## ABOUT THIS EXERCISE
In the entries that follow, find the line containing "熊本城の北側、加藤神社の先の" and the line containing "(★) 1164P. 1955.", then copy exactly everything from the first through the second except the pictures.

= Beginning of Section =

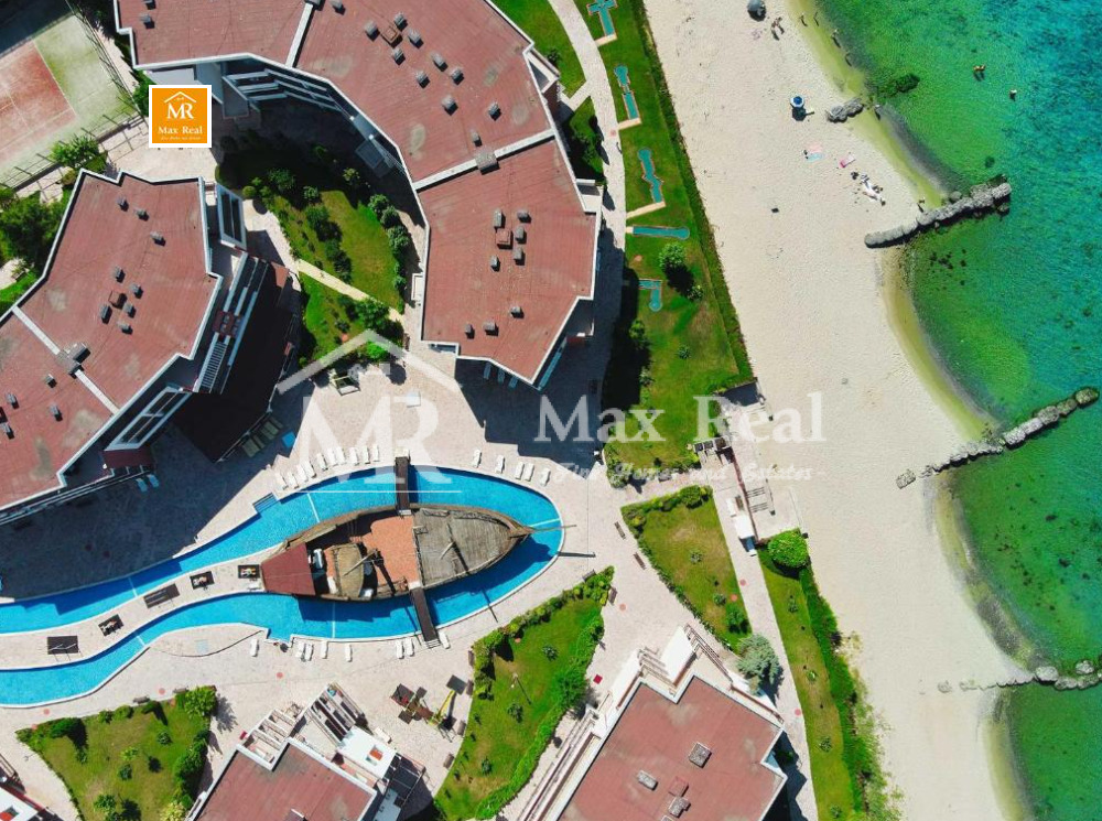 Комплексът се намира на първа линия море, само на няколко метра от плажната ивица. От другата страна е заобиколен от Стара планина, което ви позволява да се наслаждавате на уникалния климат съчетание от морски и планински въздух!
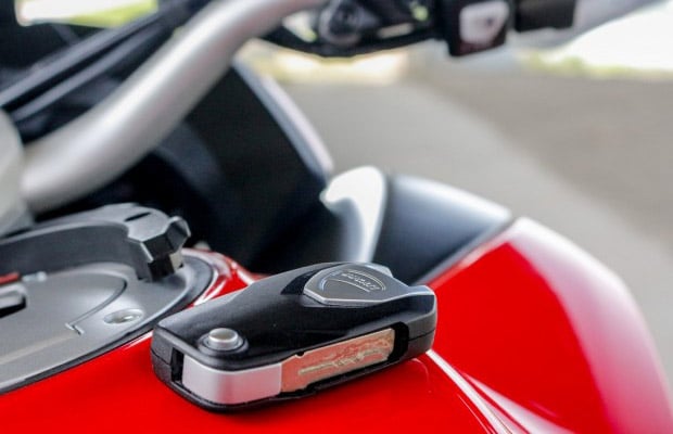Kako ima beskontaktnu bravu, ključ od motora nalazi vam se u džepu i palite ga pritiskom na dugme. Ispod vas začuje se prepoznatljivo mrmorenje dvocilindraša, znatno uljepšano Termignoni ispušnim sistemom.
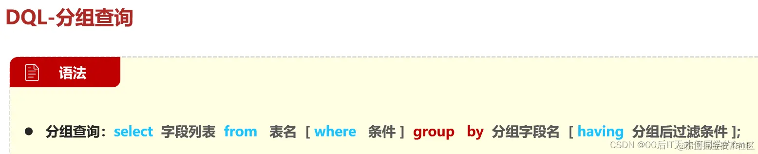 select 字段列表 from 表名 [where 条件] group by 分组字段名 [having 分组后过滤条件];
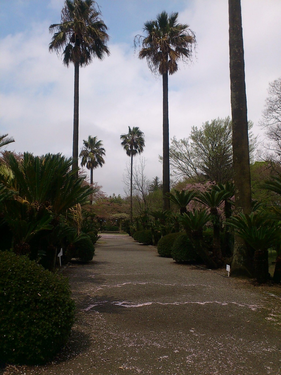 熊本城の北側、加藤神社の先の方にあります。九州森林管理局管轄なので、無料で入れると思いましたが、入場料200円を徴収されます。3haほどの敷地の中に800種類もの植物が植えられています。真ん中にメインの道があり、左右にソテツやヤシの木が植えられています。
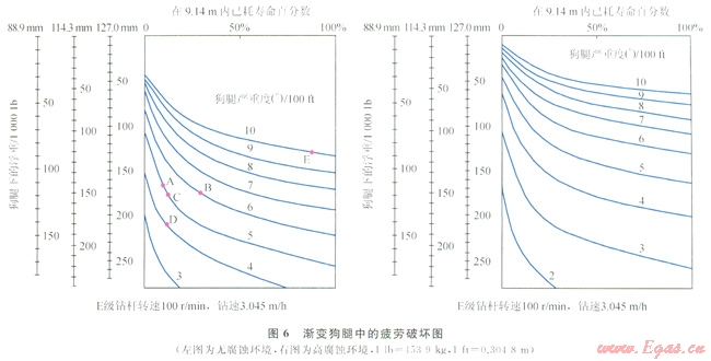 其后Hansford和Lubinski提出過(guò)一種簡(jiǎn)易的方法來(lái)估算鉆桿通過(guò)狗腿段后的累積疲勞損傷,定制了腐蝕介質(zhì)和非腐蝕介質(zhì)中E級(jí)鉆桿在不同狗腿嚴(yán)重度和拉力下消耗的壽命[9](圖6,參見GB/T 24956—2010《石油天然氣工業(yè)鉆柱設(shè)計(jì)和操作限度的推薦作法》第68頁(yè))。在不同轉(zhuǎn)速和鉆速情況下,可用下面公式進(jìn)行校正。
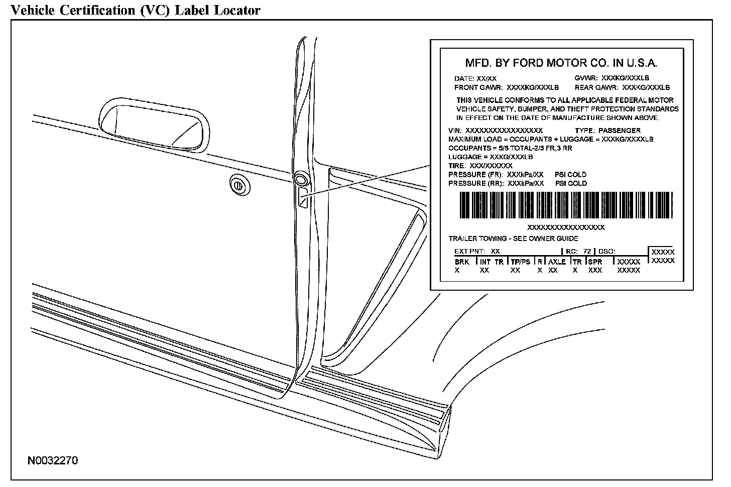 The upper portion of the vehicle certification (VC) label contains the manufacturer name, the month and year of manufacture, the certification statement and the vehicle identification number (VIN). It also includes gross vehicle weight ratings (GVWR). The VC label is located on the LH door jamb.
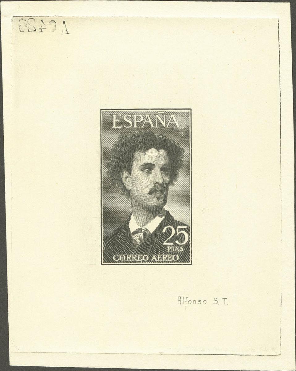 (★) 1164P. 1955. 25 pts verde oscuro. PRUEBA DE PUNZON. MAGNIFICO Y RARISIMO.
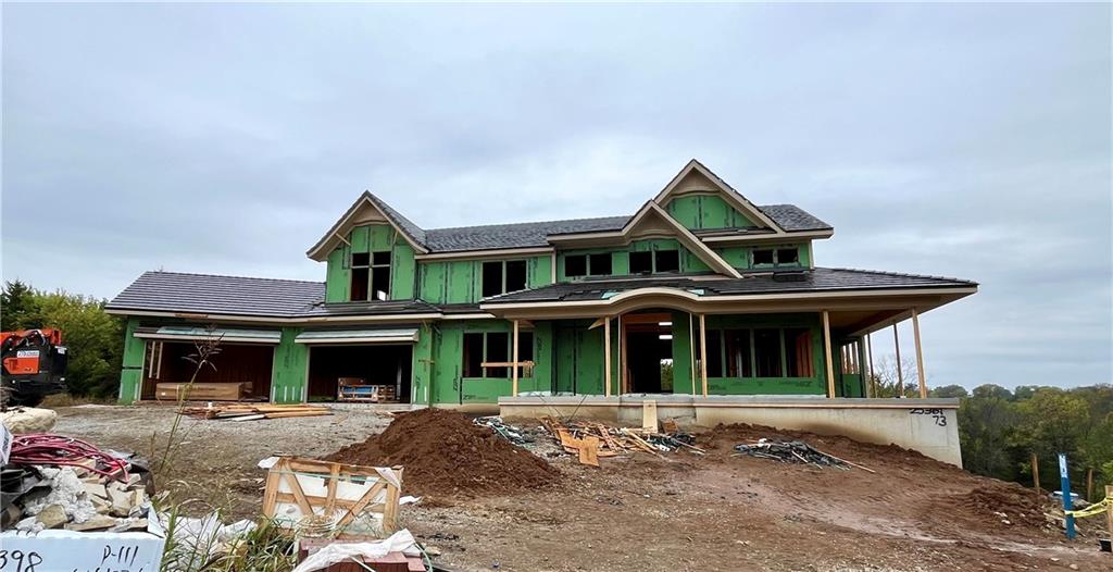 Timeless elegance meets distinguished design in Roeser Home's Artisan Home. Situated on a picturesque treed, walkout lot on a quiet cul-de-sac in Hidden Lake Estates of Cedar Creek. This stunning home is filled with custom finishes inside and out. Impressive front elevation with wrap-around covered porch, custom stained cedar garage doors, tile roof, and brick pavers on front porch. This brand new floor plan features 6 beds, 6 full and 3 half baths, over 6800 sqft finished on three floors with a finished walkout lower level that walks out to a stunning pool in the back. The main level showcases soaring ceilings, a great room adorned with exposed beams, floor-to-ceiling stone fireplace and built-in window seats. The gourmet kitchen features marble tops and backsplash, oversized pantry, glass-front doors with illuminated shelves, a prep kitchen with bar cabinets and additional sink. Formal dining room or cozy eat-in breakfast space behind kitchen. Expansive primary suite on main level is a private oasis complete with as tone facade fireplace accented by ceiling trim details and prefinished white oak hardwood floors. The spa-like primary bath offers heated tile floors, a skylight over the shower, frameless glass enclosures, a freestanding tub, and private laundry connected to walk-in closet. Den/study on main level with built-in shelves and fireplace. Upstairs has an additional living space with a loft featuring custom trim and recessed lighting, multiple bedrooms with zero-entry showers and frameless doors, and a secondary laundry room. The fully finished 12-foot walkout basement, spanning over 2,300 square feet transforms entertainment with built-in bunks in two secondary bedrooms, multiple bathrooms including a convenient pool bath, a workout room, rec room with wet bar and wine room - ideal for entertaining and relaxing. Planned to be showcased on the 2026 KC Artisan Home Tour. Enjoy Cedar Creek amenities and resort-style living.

= End of Section =

## YOUR RESPONSE
 熊本城の北側、加藤神社の先の方にあります。九州森林管理局管轄なので、無料で入れると思いましたが、入場料200円を徴収されます。3haほどの敷地の中に800種類もの植物が植えられています。真ん中にメインの道があり、左右にソテツやヤシの木が植えられています。
 其后Hansford和Lubinski提出過(guò)一種簡(jiǎn)易的方法來(lái)估算鉆桿通過(guò)狗腿段后的累積疲勞損傷,定制了腐蝕介質(zhì)和非腐蝕介質(zhì)中E級(jí)鉆桿在不同狗腿嚴(yán)重度和拉力下消耗的壽命[9](圖6,參見GB/T 24956—2010《石油天然氣工業(yè)鉆柱設(shè)計(jì)和操作限度的推薦作法》第68頁(yè))。在不同轉(zhuǎn)速和鉆速情況下,可用下面公式進(jìn)行校正。
 The upper portion of the vehicle certification (VC) label contains the manufacturer name, the month and year of manufacture, the certification statement and the vehicle identification number (VIN). It also includes gross vehicle weight ratings (GVWR). The VC label is located on the LH door jamb.
 (★) 1164P. 1955. 25 pts verde oscuro. PRUEBA DE PUNZON. MAGNIFICO Y RARISIMO.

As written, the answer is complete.